DATASET RECORDS ▸
——
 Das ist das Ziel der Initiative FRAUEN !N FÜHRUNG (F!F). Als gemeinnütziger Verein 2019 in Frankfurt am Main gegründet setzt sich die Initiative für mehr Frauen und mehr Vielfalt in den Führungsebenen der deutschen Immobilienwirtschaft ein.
——
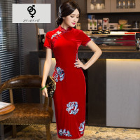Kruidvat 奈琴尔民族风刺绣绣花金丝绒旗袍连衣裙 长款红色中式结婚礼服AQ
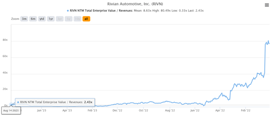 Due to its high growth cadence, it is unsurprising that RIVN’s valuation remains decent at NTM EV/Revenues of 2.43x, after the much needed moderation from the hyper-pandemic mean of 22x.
——
TASK ITEM ▸ Output exactly, and only, the lines of the entries above from the one with "Kruidvat 奈琴尔民族风刺绣绣花金丝绒旗袍连衣裙 长款红色中式结婚礼服AQ" up to and including the one with "Due to its high"; pictures are to be left out.

RESPONSE FOR THIS EXERCISE ▸
Kruidvat 奈琴尔民族风刺绣绣花金丝绒旗袍连衣裙 长款红色中式结婚礼服AQ
 Due to its high growth cadence, it is unsurprising that RIVN’s valuation remains decent at NTM EV/Revenues of 2.43x, after the much needed moderation from the hyper-pandemic mean of 22x.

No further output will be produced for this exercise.